The Body and Soul Gathering
Lisa Hannigan offers a typically delicate performance
Celina Murphy, 01 Jul 2011

Glasto. Oxegen. Picnic. The Clogherhead Prawn Festival. It seems like every year, our favourite festivals, be they big, small or crustacean-based, veer further and further away from the original blueprint, that is, the one set by the Daddy of all festivals, Woodstock.
These days, if you endeavour to kip in a field for a weekend, you’re more likely to see hipsters than hippies, skinny jeans than skinny-dipping and silent discos than dreamcatcher workshops. Your average festival site is equipped with ATM machines, hair salons and phone charging doodads, but these amenities become a distant memory once you step through the gates at Ballinlough Castle. Yup, teepee for teepee, soap bubble for soap bubble, the Body And Soul Gathering provides one of the few vintage festival experiences in the country.
For an event of its size, Body And Soul boasts a fairly solid line-up, but its children are hardly motivated by a tasty headliner or hotly-tipped up-and-comer. They’re all too busy doing precisely what they want, and if that means missing every single act on the bill to do a spot of Yoga on the grass, then so be it. This slightly lackadaisical attitude towards the tunes has its upsides though – the bulk of the punters are off exploring the surrounding nooks and crannies (the craft stalls, travelling minstrels and circus performances could easily pad out this review to a couple of pages), so you’ve got more space to thrash your arms about to the music.
Our first raconteur of the weekend is festival alumni Lisa Hannigan who offers a typically delicate performance, aided by Gavin Glass on guitar, the delightful John Smith on vocals and her trusty harmonium. “Have a brilliant festival,” she purrs before exiting stage right, “and say yes to all adventures!”

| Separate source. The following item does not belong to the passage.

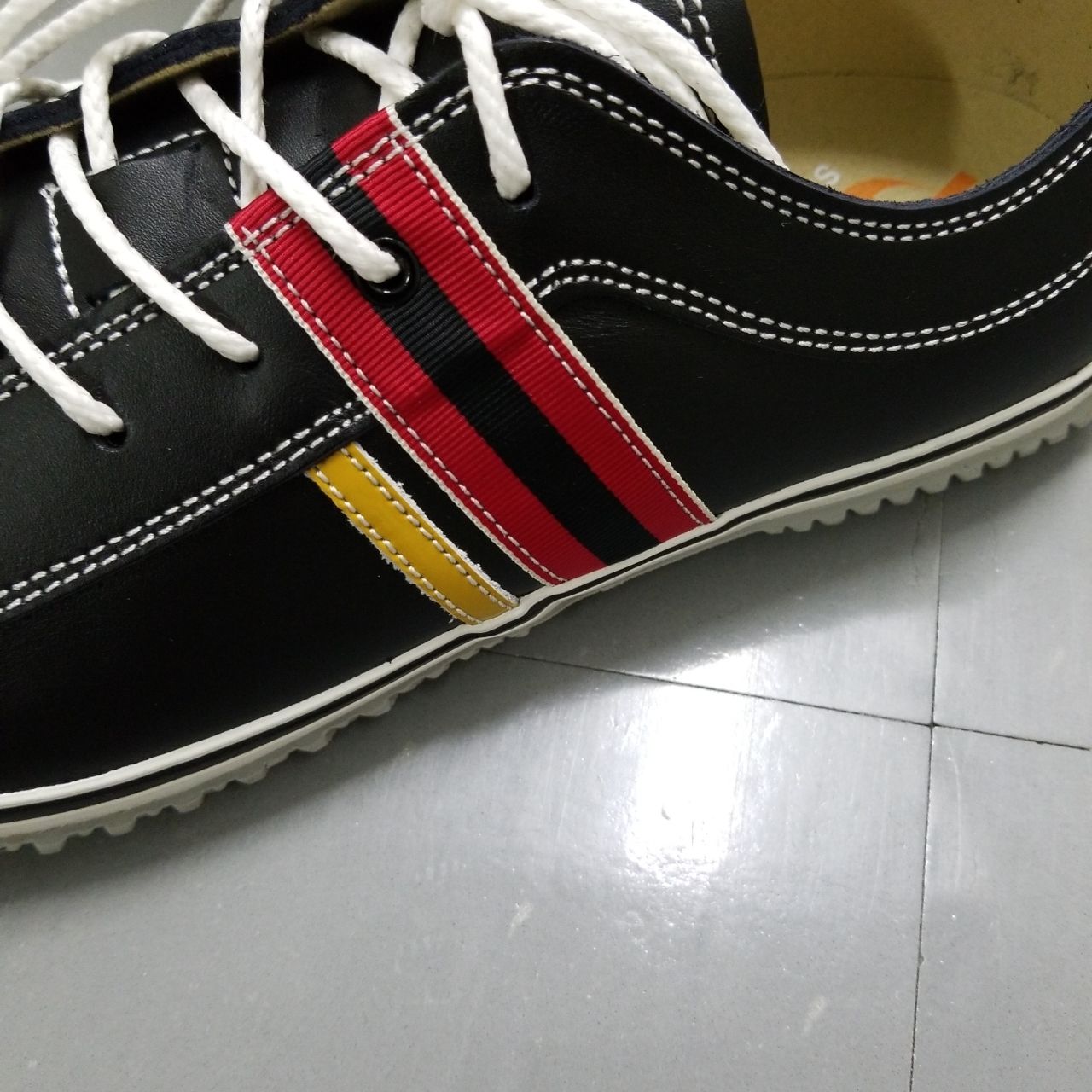 アッパーのブラックレザーに映える色合いのリボンテープですね。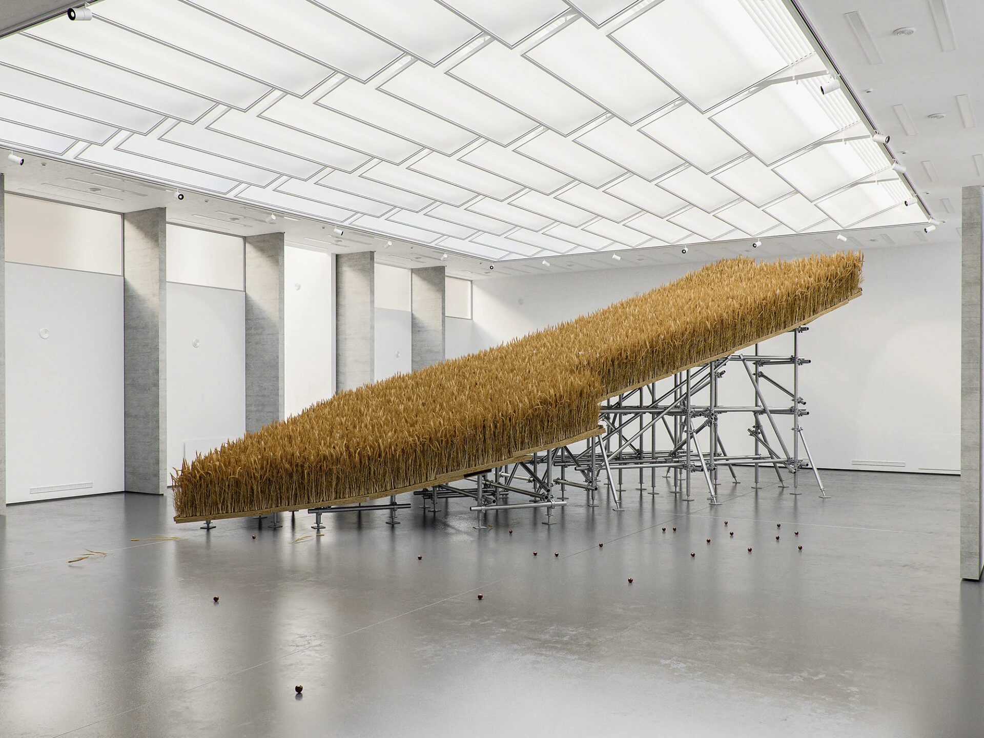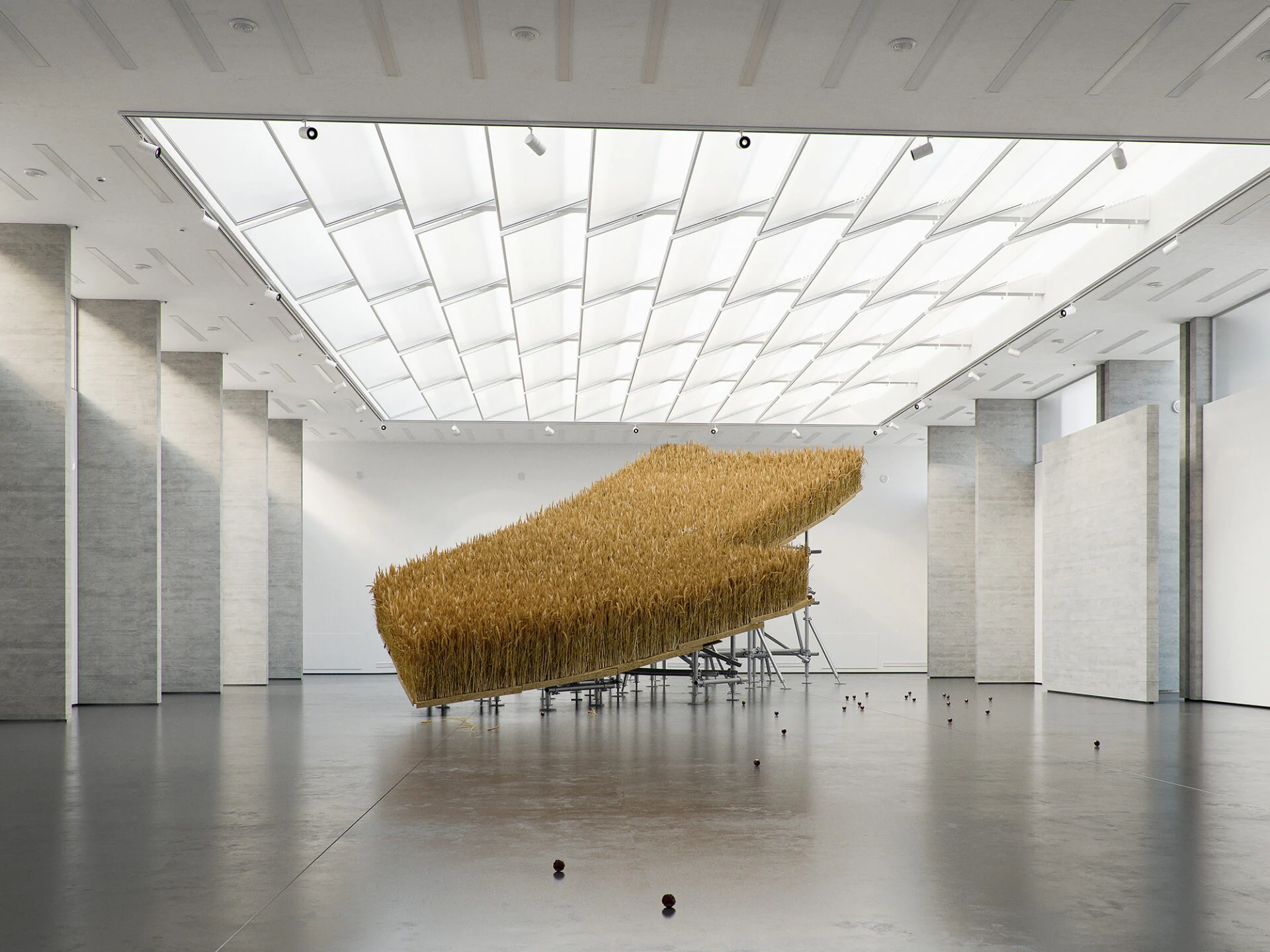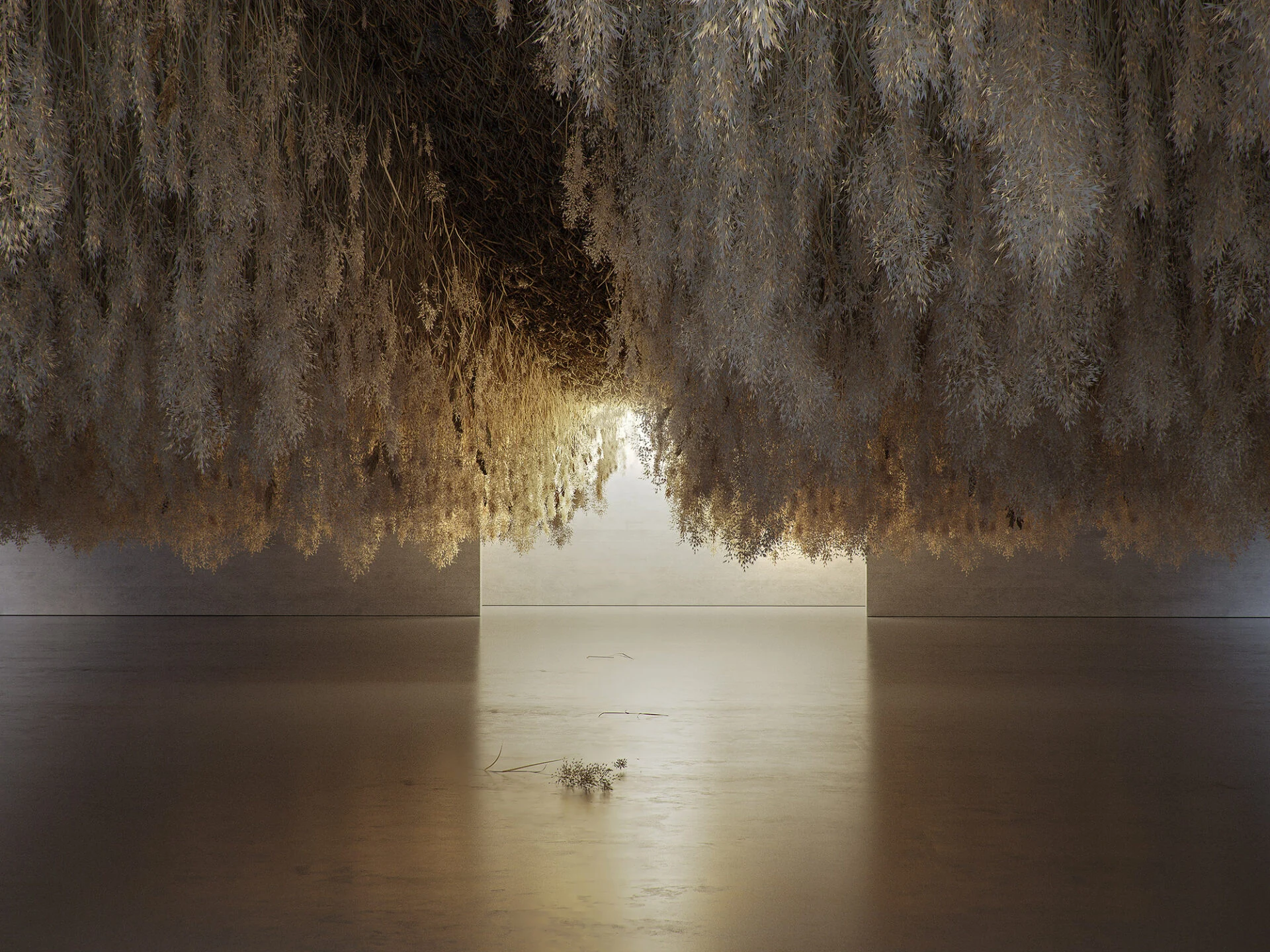 В масштабной инсталляции Тадао Серна «Французский выход» облако перистой травы нависает над комнатой

As it happens, this is perfect advice. The miraculous break in a week-long downpour gives the feeling that some great, bearded lever-puller has chosen to bless the festival, and that not a minute should be wasted. Non-headliners who impress on our personal adventures include ‘90s covers mob Attention Bébé in the forest and the impossibly tight Torann Drummers in the Orchard.